Which lines in the data below contain the word "with"? Return each of them.

(Records from a collection)
- - - -

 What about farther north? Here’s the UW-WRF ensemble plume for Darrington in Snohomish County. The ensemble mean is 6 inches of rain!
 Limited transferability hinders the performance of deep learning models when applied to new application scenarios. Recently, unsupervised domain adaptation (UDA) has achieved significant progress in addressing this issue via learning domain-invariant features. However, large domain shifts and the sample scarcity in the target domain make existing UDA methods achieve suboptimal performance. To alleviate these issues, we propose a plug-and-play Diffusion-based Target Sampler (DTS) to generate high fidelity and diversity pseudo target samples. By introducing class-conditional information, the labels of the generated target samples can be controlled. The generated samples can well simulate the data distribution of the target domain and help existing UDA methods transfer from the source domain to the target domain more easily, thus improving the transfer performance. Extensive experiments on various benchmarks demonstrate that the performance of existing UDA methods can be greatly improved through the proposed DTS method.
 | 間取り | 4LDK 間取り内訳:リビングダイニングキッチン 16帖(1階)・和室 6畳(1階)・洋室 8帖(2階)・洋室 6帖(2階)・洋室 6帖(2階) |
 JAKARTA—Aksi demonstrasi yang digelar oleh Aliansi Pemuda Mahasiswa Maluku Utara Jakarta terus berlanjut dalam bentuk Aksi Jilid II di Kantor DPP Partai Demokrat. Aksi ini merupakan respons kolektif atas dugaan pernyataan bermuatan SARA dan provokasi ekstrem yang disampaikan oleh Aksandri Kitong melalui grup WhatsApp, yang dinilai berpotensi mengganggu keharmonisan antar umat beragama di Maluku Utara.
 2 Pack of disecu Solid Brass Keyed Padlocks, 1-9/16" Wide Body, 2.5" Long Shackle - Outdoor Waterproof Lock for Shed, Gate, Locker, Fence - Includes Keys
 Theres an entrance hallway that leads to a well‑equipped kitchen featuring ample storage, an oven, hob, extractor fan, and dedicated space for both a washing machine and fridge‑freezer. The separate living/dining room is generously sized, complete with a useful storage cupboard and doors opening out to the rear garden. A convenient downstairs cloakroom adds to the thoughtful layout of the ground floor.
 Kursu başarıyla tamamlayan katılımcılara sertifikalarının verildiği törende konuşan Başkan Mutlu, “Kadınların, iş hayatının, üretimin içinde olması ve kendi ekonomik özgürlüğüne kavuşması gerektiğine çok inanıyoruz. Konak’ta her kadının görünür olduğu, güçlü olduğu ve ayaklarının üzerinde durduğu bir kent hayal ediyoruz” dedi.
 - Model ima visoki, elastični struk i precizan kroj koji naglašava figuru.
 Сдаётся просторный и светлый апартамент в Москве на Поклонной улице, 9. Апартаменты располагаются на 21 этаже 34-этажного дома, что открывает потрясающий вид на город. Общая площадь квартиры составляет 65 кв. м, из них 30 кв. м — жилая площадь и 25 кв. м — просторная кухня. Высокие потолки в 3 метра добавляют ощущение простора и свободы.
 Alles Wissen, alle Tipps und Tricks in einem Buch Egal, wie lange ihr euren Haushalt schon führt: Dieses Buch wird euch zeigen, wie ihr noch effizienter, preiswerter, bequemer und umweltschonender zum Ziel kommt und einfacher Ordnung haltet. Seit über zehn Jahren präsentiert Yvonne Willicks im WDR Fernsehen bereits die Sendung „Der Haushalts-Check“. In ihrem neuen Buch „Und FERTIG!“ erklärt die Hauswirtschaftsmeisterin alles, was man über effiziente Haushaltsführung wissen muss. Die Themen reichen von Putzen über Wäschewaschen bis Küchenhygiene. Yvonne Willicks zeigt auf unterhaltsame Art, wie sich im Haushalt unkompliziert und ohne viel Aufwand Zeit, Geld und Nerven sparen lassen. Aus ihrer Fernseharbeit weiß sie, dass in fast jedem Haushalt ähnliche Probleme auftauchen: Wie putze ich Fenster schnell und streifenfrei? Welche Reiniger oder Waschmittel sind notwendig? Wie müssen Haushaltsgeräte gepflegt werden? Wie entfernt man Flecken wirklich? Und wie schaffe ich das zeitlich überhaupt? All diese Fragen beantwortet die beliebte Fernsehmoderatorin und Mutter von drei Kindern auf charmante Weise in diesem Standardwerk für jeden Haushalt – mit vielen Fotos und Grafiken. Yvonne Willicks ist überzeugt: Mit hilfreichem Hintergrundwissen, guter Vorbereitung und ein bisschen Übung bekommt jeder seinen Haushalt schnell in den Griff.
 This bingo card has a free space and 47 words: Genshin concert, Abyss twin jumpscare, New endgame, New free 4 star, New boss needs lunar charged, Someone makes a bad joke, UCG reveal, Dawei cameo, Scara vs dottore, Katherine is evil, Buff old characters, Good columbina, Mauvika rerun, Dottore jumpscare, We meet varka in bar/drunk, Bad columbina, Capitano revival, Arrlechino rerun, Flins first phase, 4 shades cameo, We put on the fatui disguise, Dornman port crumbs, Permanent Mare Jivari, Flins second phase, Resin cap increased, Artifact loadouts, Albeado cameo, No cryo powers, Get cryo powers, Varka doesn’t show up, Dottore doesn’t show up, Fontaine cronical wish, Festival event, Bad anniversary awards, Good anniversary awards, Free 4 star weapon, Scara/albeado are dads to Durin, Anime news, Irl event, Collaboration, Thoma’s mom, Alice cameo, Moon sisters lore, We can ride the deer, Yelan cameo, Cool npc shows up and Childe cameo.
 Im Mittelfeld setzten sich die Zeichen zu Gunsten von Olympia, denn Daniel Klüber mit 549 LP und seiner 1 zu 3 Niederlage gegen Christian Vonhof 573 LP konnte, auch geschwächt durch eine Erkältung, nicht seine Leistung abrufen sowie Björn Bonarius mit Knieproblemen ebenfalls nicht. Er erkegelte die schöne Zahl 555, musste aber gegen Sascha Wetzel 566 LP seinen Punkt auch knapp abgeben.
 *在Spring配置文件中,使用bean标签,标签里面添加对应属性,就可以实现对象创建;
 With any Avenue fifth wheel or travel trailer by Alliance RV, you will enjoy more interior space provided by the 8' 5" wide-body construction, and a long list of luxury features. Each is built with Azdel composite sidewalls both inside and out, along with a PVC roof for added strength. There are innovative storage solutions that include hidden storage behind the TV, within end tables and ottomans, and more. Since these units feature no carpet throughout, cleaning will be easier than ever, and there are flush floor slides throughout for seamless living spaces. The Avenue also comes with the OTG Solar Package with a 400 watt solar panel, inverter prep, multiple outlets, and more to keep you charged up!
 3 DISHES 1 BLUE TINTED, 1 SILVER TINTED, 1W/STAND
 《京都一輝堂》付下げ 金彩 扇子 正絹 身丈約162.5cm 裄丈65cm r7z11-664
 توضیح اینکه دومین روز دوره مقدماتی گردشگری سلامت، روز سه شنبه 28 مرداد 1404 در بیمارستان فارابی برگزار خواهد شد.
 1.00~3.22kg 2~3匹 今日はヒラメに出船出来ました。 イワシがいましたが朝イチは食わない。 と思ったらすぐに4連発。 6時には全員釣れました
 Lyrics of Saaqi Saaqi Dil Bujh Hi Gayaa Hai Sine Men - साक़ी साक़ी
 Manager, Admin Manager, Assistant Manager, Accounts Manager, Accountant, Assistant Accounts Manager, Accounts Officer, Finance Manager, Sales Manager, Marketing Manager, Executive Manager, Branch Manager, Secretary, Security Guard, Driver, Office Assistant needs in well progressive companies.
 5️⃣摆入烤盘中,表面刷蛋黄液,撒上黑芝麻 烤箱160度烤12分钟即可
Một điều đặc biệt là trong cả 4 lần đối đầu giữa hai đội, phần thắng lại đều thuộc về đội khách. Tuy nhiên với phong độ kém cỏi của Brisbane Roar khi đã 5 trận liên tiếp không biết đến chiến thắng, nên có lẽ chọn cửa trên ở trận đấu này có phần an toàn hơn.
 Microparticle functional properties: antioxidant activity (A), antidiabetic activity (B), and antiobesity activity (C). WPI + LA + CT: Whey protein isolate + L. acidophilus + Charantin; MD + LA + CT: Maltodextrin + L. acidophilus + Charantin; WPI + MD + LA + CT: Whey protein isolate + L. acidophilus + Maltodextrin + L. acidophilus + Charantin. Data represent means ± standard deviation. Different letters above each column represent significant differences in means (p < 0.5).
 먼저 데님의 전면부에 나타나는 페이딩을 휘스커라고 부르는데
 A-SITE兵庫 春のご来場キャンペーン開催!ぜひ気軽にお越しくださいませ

- - - -

- _FINISHED EXERCISE_
 Theres an entrance hallway that leads to a well‑equipped kitchen featuring ample storage, an oven, hob, extractor fan, and dedicated space for both a washing machine and fridge‑freezer. The separate living/dining room is generously sized, complete with a useful storage cupboard and doors opening out to the rear garden. A convenient downstairs cloakroom adds to the thoughtful layout of the ground floor.
 With any Avenue fifth wheel or travel trailer by Alliance RV, you will enjoy more interior space provided by the 8' 5" wide-body construction, and a long list of luxury features. Each is built with Azdel composite sidewalls both inside and out, along with a PVC roof for added strength. There are innovative storage solutions that include hidden storage behind the TV, within end tables and ottomans, and more. Since these units feature no carpet throughout, cleaning will be easier than ever, and there are flush floor slides throughout for seamless living spaces. The Avenue also comes with the OTG Solar Package with a 400 watt solar panel, inverter prep, multiple outlets, and more to keep you charged up!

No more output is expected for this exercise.